* LISTED ENTRIES *
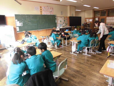 4年1組は算数科。まわりの長さが同じ時の広さについて考え合いました。
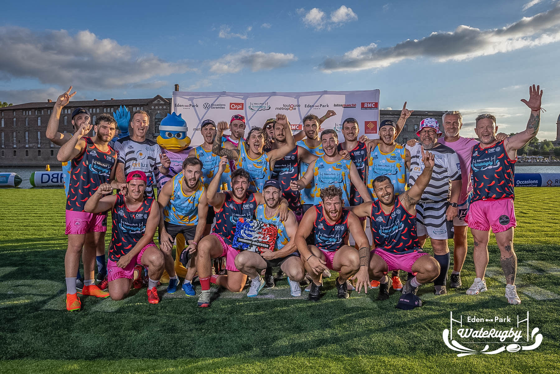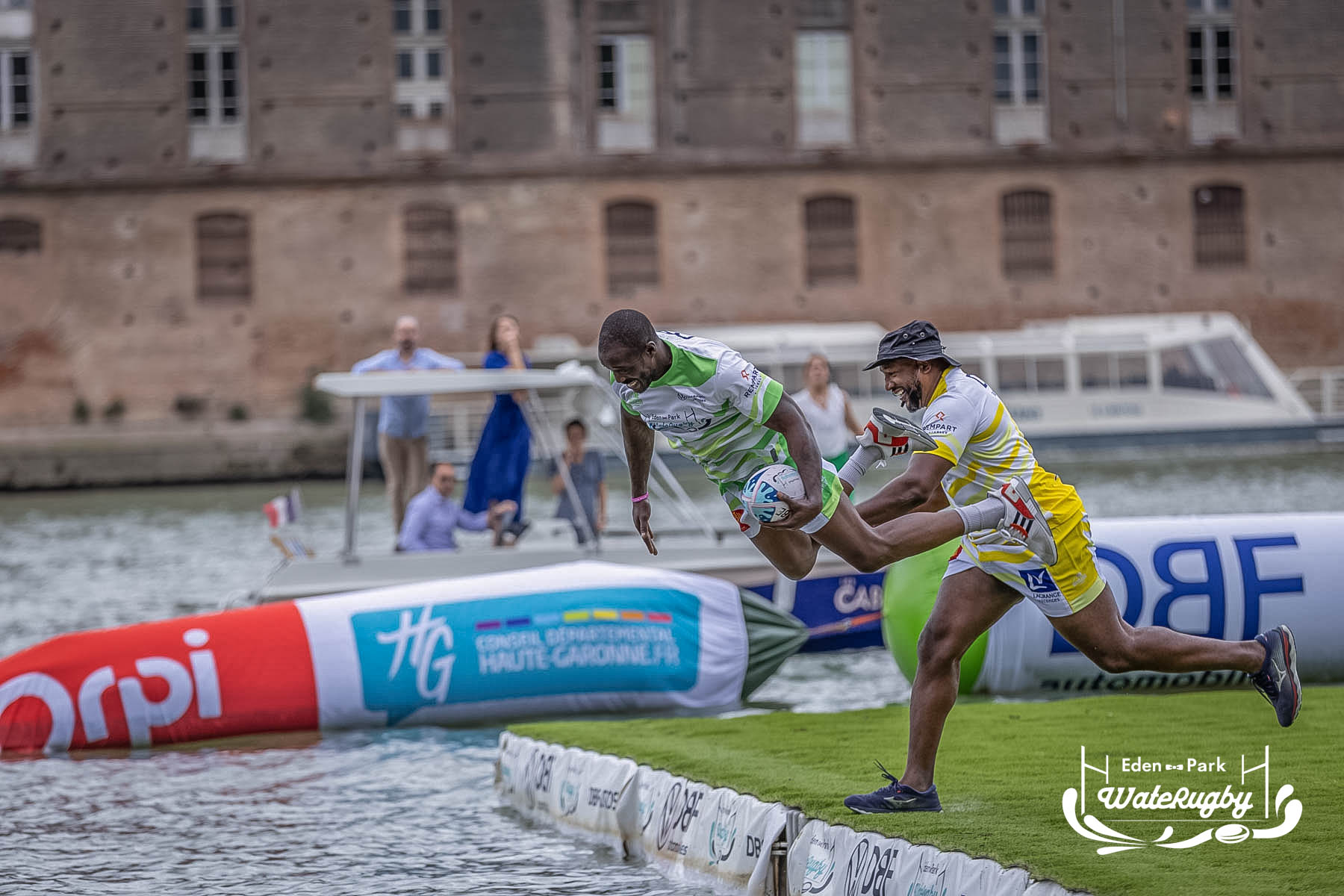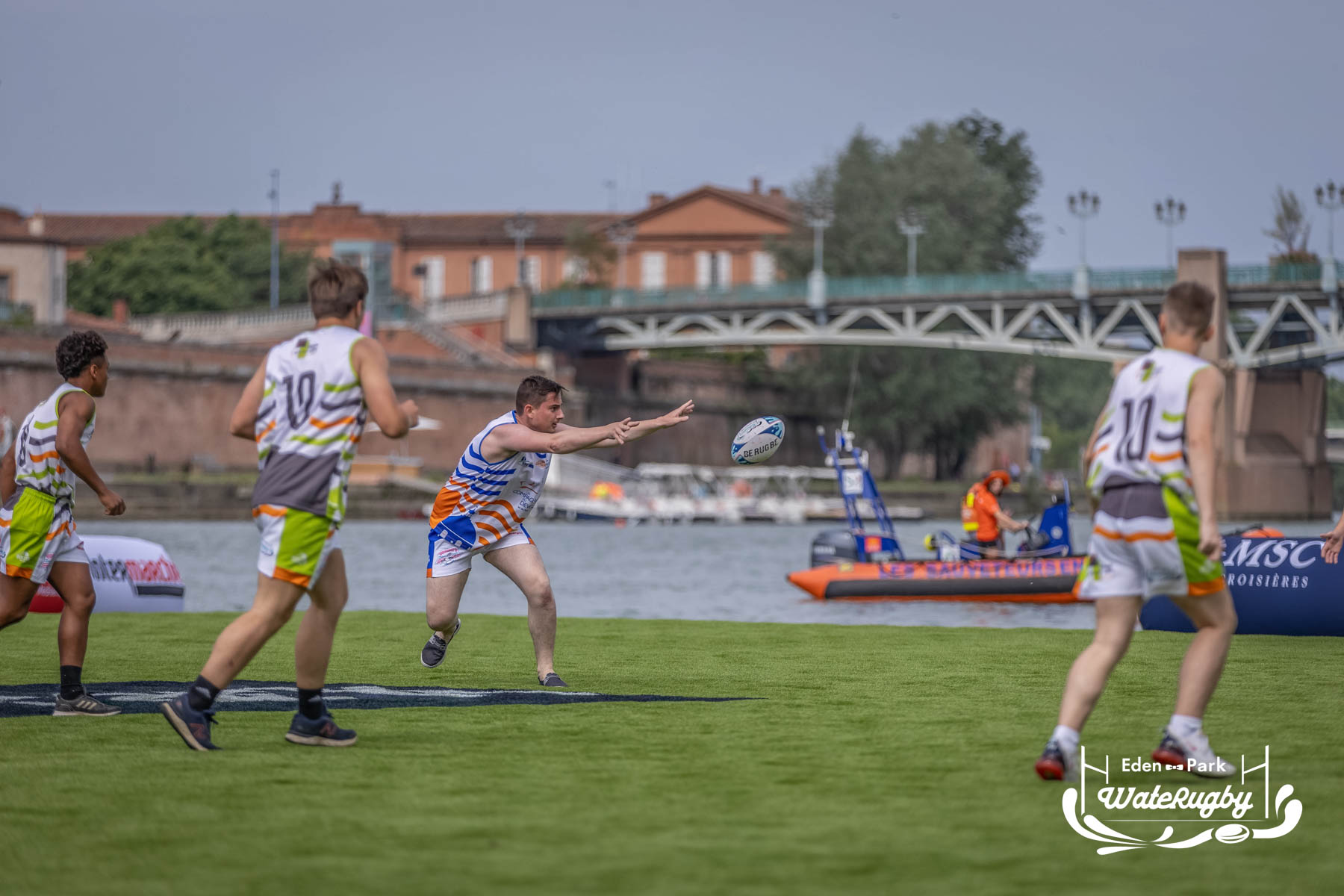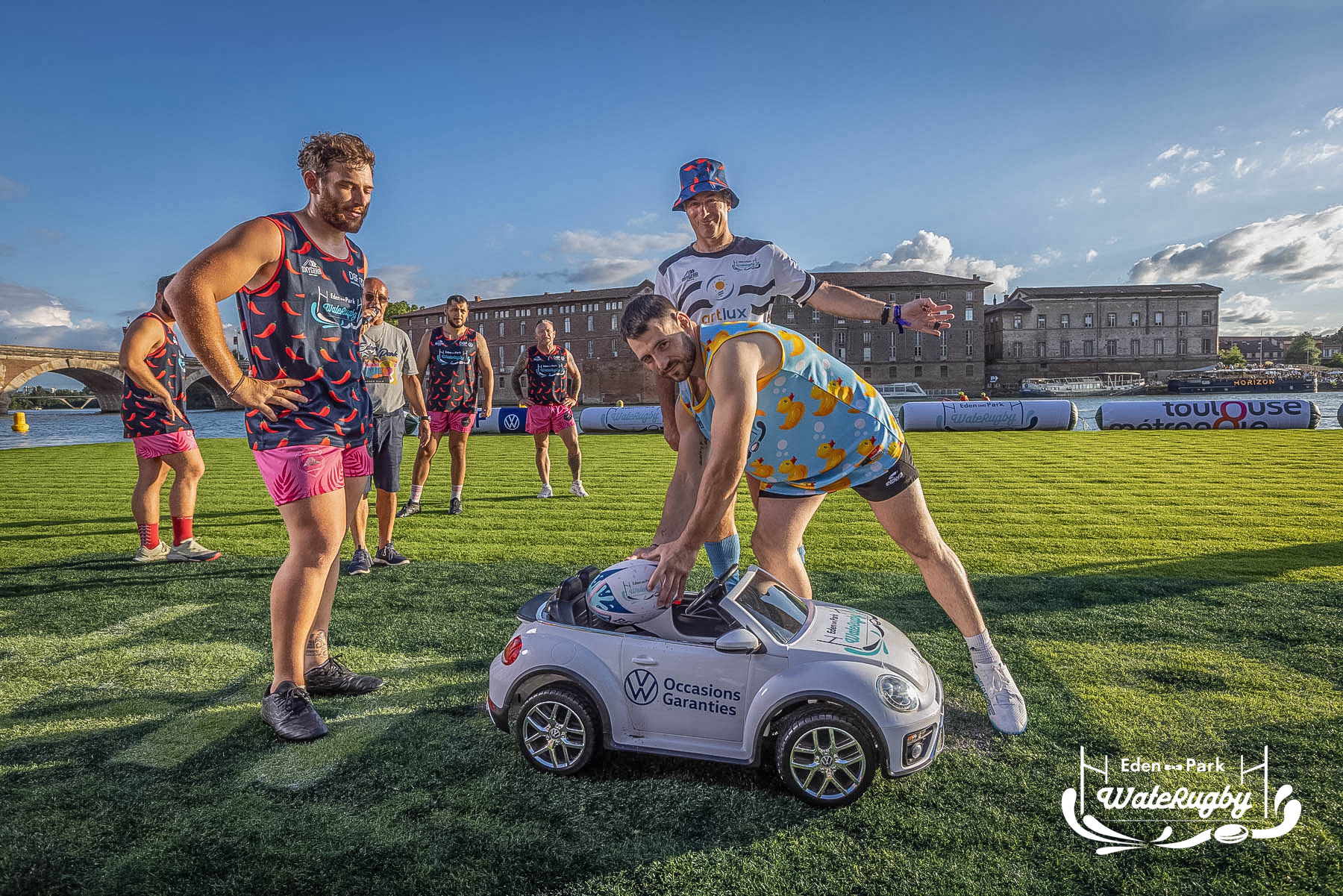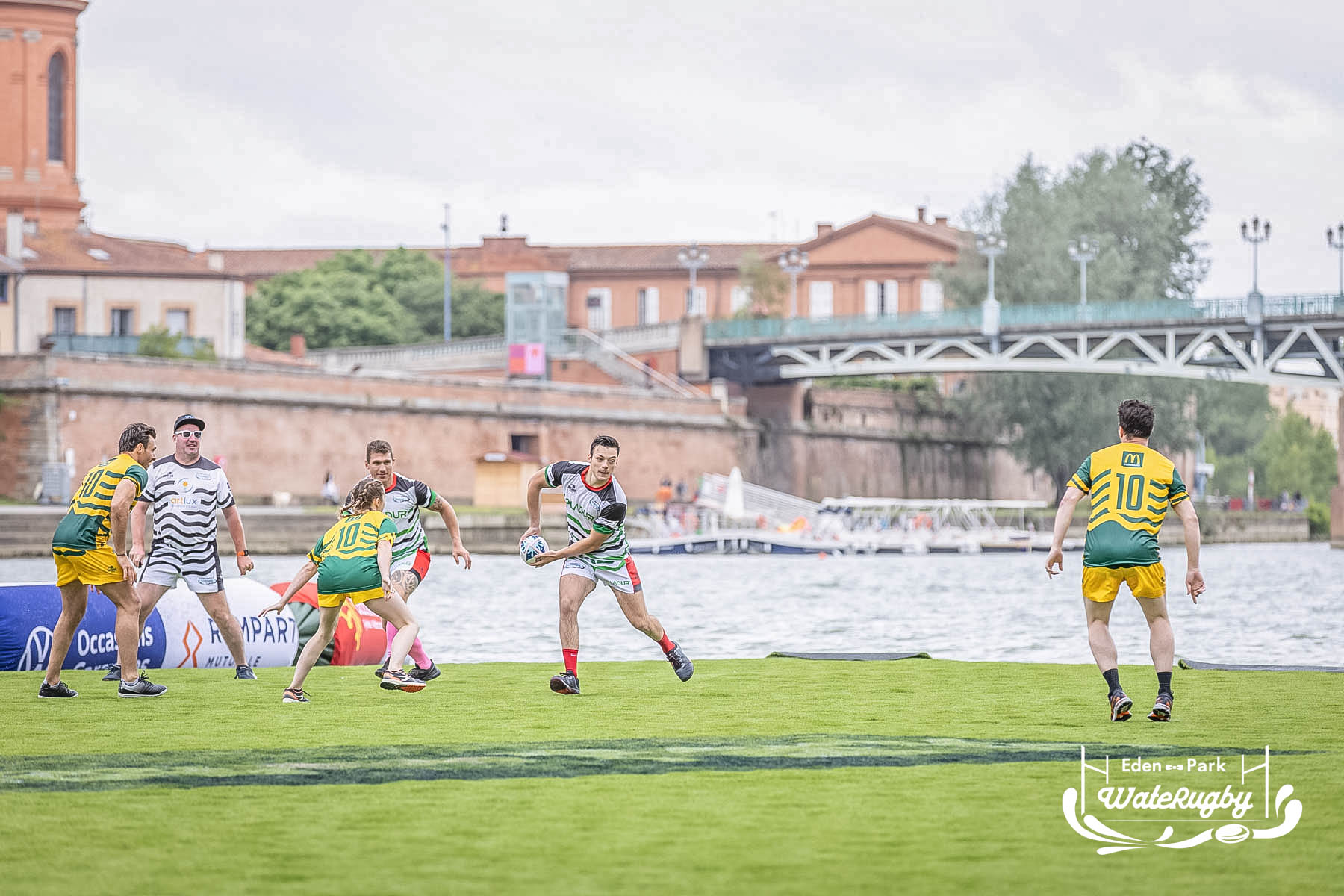 Compétition de rugby sur une barge sur la Garonne en plein centre de Toulouse
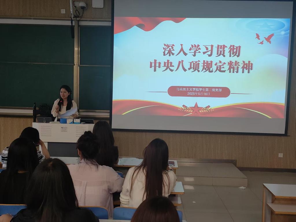 为进一步加强学生党支部建设,强化党员纪律意识,2025年5月16日,太阳集团tyc5997学生第二党支部召开了深入学习贯彻中央八项规定精神的专题会议。会议由学生党支部书记任婷主持,全体学生党员参会。
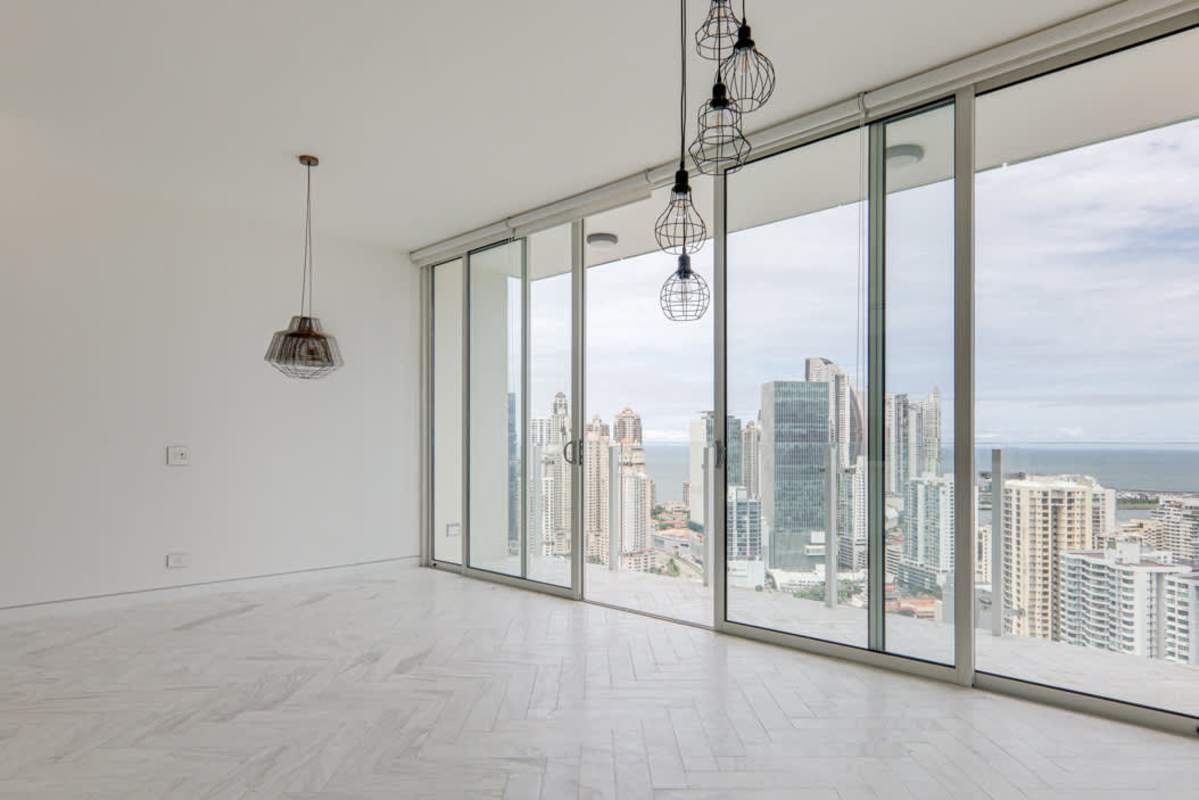 Bright luxury living room high floor at Wanders & Yoo Panama with panoramic city skyline and ocean views
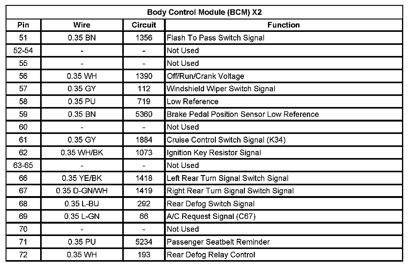 Body Control Module (BCM) X2 (Pin 51 To 72):

* INSTRUCTIONS FOR THE TASK *
With the images removed, reproduce all the material above word for word.

* WRITTEN ANSWER *
 4年1組は算数科。まわりの長さが同じ時の広さについて考え合いました。
 Compétition de rugby sur une barge sur la Garonne en plein centre de Toulouse
 为进一步加强学生党支部建设,强化党员纪律意识,2025年5月16日,太阳集团tyc5997学生第二党支部召开了深入学习贯彻中央八项规定精神的专题会议。会议由学生党支部书记任婷主持,全体学生党员参会。
 Bright luxury living room high floor at Wanders & Yoo Panama with panoramic city skyline and ocean views
 Body Control Module (BCM) X2 (Pin 51 To 72):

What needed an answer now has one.